--- Entries provided ---

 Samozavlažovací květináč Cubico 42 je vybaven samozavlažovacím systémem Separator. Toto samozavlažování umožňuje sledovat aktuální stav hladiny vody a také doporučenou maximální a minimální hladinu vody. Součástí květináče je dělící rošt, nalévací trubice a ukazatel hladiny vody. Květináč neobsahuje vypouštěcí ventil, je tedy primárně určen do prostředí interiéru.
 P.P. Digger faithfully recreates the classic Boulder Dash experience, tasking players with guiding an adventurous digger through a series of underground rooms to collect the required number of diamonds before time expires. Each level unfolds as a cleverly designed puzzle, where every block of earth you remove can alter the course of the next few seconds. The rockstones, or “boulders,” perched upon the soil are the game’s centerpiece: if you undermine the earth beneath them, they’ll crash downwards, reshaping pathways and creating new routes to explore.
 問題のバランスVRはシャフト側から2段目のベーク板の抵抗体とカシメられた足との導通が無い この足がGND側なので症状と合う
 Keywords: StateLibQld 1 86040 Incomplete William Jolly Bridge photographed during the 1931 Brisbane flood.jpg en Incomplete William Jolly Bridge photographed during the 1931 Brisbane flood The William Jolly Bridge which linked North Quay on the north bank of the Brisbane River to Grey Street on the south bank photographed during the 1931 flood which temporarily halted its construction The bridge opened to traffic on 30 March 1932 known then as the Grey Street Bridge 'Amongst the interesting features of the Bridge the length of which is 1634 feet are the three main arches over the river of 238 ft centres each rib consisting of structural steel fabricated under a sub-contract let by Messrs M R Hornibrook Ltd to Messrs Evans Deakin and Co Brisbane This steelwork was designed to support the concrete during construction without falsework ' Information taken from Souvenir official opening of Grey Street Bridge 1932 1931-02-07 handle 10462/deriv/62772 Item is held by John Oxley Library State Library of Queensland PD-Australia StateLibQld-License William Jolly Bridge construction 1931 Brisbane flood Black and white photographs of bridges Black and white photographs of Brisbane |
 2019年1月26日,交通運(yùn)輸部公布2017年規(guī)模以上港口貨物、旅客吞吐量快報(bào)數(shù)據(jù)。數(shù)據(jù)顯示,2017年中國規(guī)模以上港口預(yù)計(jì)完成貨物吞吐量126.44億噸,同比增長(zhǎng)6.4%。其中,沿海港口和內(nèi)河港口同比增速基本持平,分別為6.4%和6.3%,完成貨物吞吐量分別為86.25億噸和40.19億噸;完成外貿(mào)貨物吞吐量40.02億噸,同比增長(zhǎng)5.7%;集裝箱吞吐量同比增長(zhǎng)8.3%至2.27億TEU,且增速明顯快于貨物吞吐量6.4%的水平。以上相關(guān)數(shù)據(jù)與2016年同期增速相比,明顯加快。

---
--- Entries provided ---

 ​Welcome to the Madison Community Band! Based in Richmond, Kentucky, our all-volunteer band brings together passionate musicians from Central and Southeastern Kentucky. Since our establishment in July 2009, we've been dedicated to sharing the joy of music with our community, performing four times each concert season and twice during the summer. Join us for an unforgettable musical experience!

---

Give back exactly the lines of the listing above that run from the line with "Samozavlažovací květináč Cubico" to the line with "問題のバランスVRはシャフト", inclusive.

 Samozavlažovací květináč Cubico 42 je vybaven samozavlažovacím systémem Separator. Toto samozavlažování umožňuje sledovat aktuální stav hladiny vody a také doporučenou maximální a minimální hladinu vody. Součástí květináče je dělící rošt, nalévací trubice a ukazatel hladiny vody. Květináč neobsahuje vypouštěcí ventil, je tedy primárně určen do prostředí interiéru.
 P.P. Digger faithfully recreates the classic Boulder Dash experience, tasking players with guiding an adventurous digger through a series of underground rooms to collect the required number of diamonds before time expires. Each level unfolds as a cleverly designed puzzle, where every block of earth you remove can alter the course of the next few seconds. The rockstones, or “boulders,” perched upon the soil are the game’s centerpiece: if you undermine the earth beneath them, they’ll crash downwards, reshaping pathways and creating new routes to explore.
 問題のバランスVRはシャフト側から2段目のベーク板の抵抗体とカシメられた足との導通が無い この足がGND側なので症状と合う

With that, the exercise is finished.